„Danke. Aber wie eben zu meiner Mutter gesagt, zu viele Geheimnisse haben die beiden Familien fast zerstört und ich will nicht jener sein, der neu damit beginnt.“
Ich holte tief Luft.
„Ich bin schwul und Olivia behauptete ich hätte mich an Jayden vergangen!“
„Bitte?“, kam es entsetzt von Mason.
Seine Augenbraun wanderten nach oben, dadurch schienen seine Augen noch größer.
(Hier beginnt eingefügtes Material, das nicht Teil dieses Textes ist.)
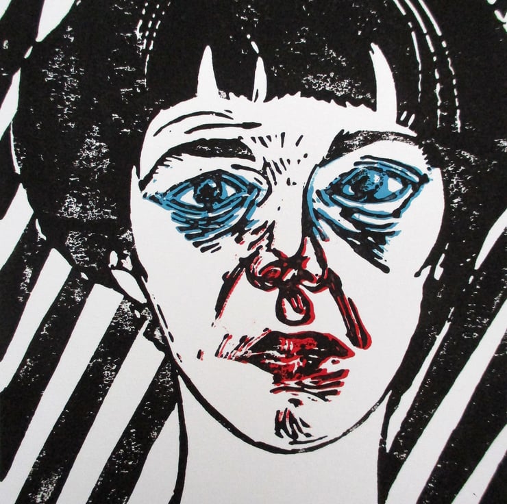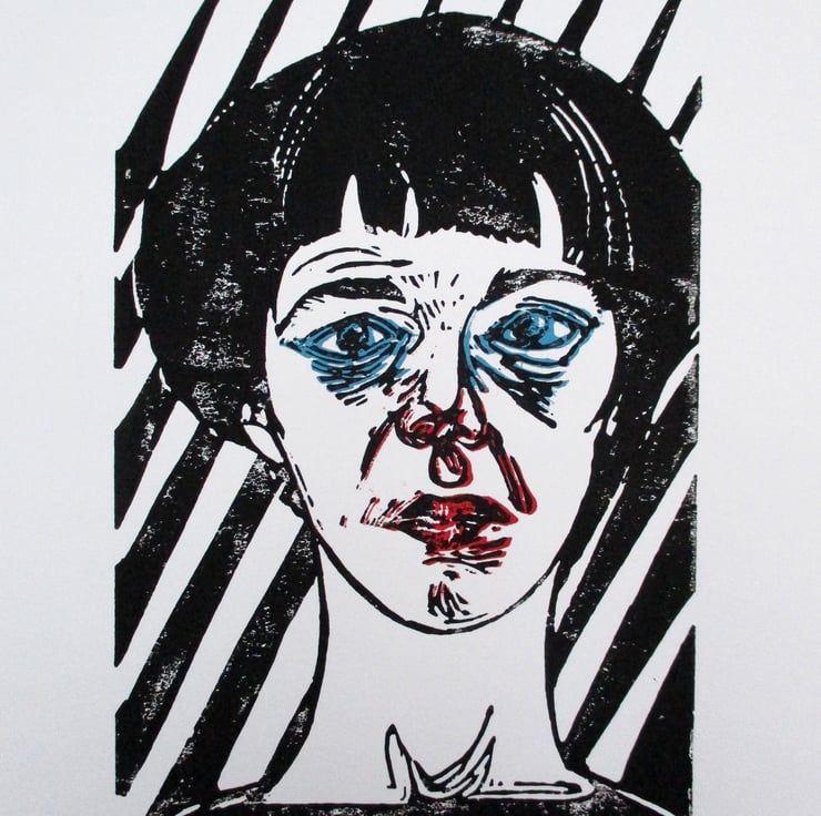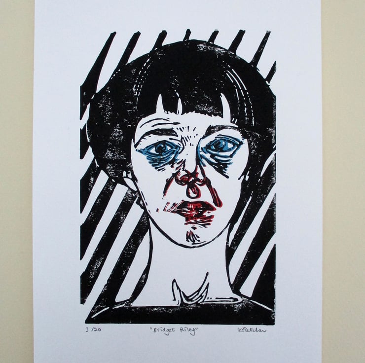 This is a hand pressed linocut print portrait of British artist Bridget Riley.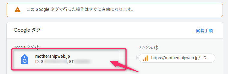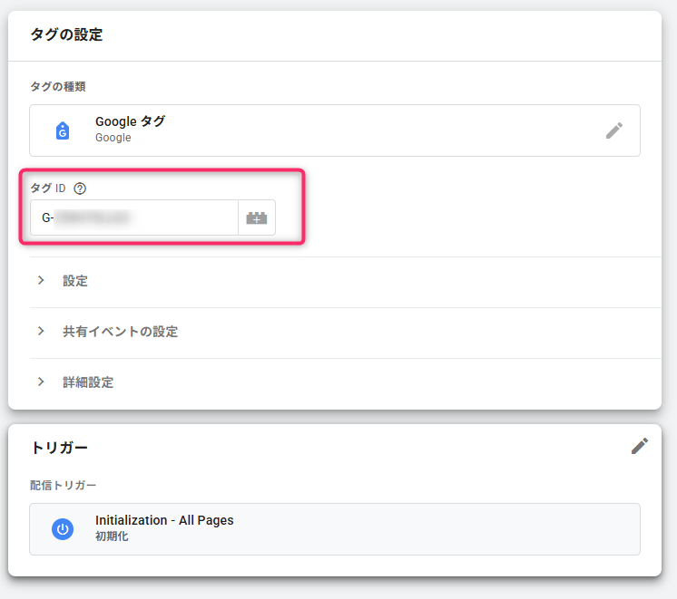 タグIDにアナリティクスで確認した測定IDを貼り付け

„Es tut mir leid Mason, aber wenn du mit Jack ebenso nicht klar kommst, solltest du jetzt gehen!“
Entgeistert schaute dieser Mann meine Mutter an.
„Halt… halt Charlotte, du verstehst das falsch. Ich habe selbst einen Sohn der schwul ist, ich bin nur so entsetzt über die Reaktion Olivias!“
Hoppla, damit hätte ich jetzt nicht gerechnet.
„Du hast einen Sohn?“
„Genaugenommen zwei…, Zwillinge und einer der beiden ist schwul!“
Umständlich griff er nach hinten und zog sein Portemonnaie hervor und zog etwas heraus.
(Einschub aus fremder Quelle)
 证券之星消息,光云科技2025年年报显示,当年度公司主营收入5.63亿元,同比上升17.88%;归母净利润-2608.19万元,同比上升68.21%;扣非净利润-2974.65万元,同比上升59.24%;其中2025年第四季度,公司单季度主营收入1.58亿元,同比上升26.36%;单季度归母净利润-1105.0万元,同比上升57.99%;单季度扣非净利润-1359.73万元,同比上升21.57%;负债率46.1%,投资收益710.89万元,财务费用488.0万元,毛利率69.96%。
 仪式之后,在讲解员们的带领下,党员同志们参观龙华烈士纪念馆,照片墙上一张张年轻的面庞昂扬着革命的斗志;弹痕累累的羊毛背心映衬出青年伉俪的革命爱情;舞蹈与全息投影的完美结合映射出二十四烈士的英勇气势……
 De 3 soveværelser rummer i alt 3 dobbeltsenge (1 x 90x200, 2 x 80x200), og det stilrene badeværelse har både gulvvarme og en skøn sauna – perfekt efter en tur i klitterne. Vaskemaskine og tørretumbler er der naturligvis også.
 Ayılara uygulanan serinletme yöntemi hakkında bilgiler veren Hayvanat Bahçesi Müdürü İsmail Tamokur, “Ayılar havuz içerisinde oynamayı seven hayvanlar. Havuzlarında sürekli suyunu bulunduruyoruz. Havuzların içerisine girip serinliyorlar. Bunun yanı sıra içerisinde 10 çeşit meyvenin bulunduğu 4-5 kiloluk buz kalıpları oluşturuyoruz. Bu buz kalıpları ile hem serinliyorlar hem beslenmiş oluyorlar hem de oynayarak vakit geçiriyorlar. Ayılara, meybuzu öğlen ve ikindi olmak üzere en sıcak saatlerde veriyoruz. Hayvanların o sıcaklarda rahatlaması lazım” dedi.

„Das ist Stan und Niklas!“, meinte er und legte Mum eine Fotografie hin.
„Wo sind die beiden jetzt und wie alt sind sie?“
„Bei den Eltern meiner verstorbenen Frau. Sie sind gerade siebzehn geworden.“
Ich beugte mich vor, um auch etwas sehen zu können.
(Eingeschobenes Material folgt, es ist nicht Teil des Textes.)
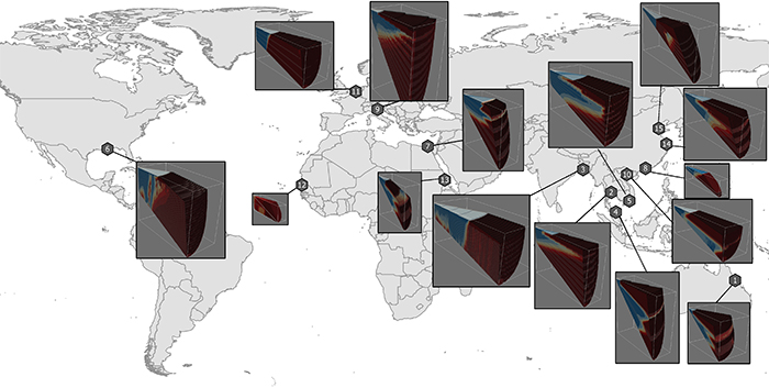 Furthermore, he investigated the sustainability of the fresh groundwater reserves in 15 major deltas across the world. With the current amount of groundwater being pumped, the Ganges-Brahmaputra-Meghna (Bangladesh), Nile (Egypt), Pearl River and Yangtze delta (both in China) risk exhaustion of their precious reserves this coming century. With expected increased pumping rates, the Saloum (Senegal), Mekong and the Red River delta (both in Vietnam) can be added to this list. These seven deltas together currently host hundreds of millions of inhabitants, whose lives might be seriously affected by this groundwater exhaustion.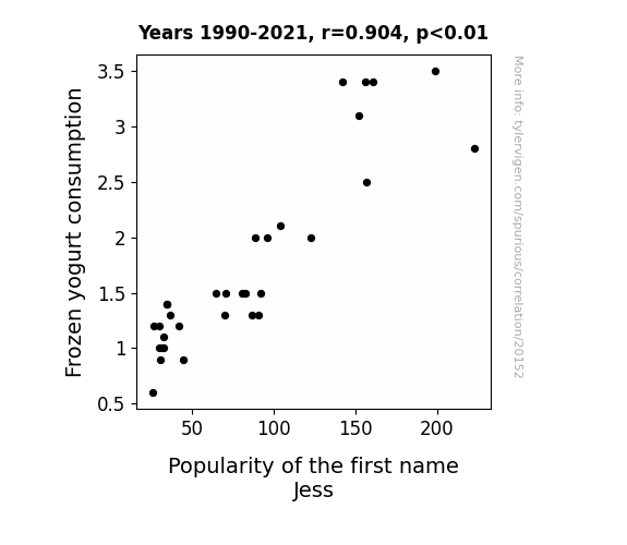 This means 81.7% of the change in the one variable (i.e., Popularity of the first name Jess) is predictable based on the change in the other (i.e., Frozen yogurt consumption) over the 32 years from 1990 through 2021.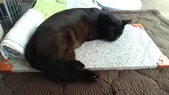 夏の暑さ対策、お店に行くと色々あって迷いますが、御影石プレートはうちの猫達のお気に入りです~=^_^=

„Da wird sich Dema freuen, wenn sie hört, dass sie noch zwei Enkel hat. Aber für die Jungs tut es mir leid, dass sie ihre Mutter verloren haben.“
„Es geht, weil es voraussehbar war. Caren hatte Krebs… und die Behandlung zog sich sehr in die Länge. Die Jungs haben deswegen alles mitbekommen, den ganzen Kampf, den meine Frau dann doch schließlich verlor.“
„Und warum meldest du dich dann jetzt hier? Ich versteh nicht ganz!“
Mason ließ sich wieder in den Stuhl zurück fallen.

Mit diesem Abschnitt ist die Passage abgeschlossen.